Great American Is Seized After a Lengthy Decline

LOS ANGELES - Great American Bank in San Diego was seized by regulators on Friday, ending a long downward spiral by a once highly respected thrift.

"It was not a surprise to anybody; it was just a matter of time," said Campbell Chaney, an analyst at Sutro & Co., San Francisco.

Great American fell on hard times when problem loans soared because of poor underwriting and an ill-timed foray into Arizona. Great American also had a big investment in real estate development, which became a drain on capital for thrifts after passage of the Financial Institutions Reform, Recovery, and Enforcement Act.

|Unsafe and Unsound'

The Office of Thrift Supervision said it put Great American in conservatorship because it was operating in an unsafe and unsound condition and had negative capital. The company estimated that at June 30 it was $559 million short of meeting risk-based capital requirements.

The OTS said the company's long slide resulted from poor underwriting standards by previous management, which "adopted a strategy of liberal refinancing of troubled loans without proper asset review."

Nonperforming assets totaled $1.4 billion at March 31. But using the OTS's broader definition of "classified" assets, the problems totaled $2.46 billion, or a whopping 24% of assets. "Losses due to bad assets are insurmountable," the OTS said on Friday.
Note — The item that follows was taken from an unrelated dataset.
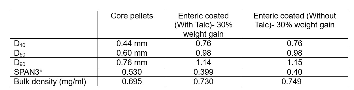 Table 1: D10, D50, D90, particle size distribution and bulk density of core and enteric pellets.
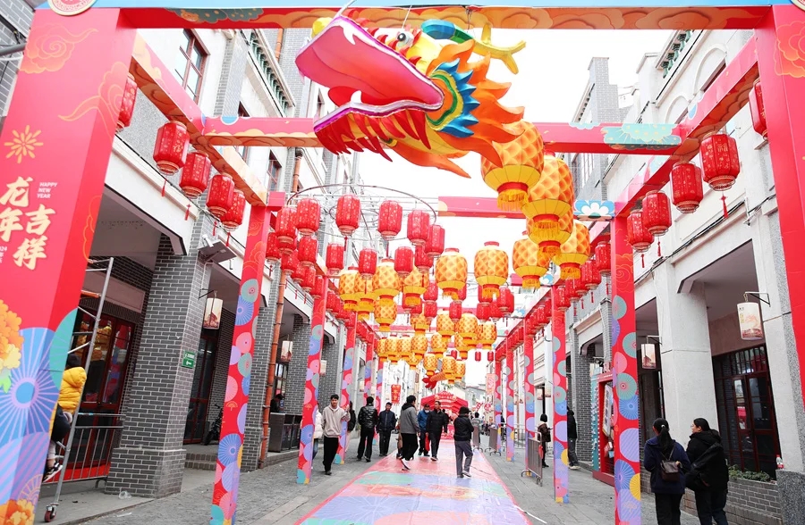 晚上,“花街”將搖身一變成“花燈”長廊,500米的花燈長廊炫彩紛呈,各色的燈籠懸掛在街上,龍年特色和東坡特色的打卡墻,把古街裝點(diǎn)出濃濃新春氛圍。屆時,晚上7點(diǎn),還有穿梭“轉(zhuǎn)運(yùn)龍門”民俗表演,還能觀賞現(xiàn)場大型“舞龍”巡游。

Robert L. Kemper, a former Wells Fargo & Co. executive, was hired as chairman and chief executive last year as part of a final effort to turn things around. Mr. Kemper sold Great American's entire California network of 130 branches to his former company. That left the thrift with 24 branches in Washington, 56 in Arizona, and one in Colorado, and all of the problem assets of the institution.
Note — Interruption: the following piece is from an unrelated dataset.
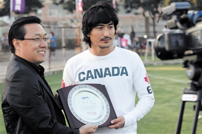 昨天下午,在大連隊(duì)訓(xùn)練時(shí),來自韓國的KSB電視臺采訪組,一直在場邊拍攝安貞煥的訓(xùn)練畫面。訓(xùn)練結(jié)束后,他們邀請安貞煥做了一個(gè)訪談節(jié)目,介紹安貞煥在大連的足球生活。韓國鐵道部旗下的一家鐵路建筑公司,邀請安貞煥擔(dān)任他們的形象大使,采訪組代表在訓(xùn)練場邊向安貞煥贈送了“形象大使”的紀(jì)念獎(jiǎng)杯。

The Resolution Trust Corp., which was appointed conservator for the thrift, may have some luck selling the remaining branches of Great American. The Washington banking market is a healthy one, and Bank America, San Francisco, and Security Pacific Corp., Los Angeles, have been active buyers in Arizona.
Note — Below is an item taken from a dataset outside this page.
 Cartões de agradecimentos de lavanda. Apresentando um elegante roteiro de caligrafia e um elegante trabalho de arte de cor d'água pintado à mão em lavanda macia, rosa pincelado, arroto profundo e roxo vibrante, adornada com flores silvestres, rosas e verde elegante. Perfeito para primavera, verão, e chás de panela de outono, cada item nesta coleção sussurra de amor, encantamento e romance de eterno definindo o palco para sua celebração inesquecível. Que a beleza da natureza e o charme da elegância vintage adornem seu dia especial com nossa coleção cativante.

Great American lost $173 million in 1990 and $46.8 million in the first quarter of this year. Second-quarter numbers are not yet available, but the company estimates it lost another $70 million.

The seizure is a blow to San Diego. Already one of its big thrifts - Imperial Savings and Loan Association - has been seized by the government, and yet another, HomeFed Corp., is struggling.

Great American, which was once the nation's eighth-largest thrift, with over $16 billion in assets, was particularly respected for its marketing prowess.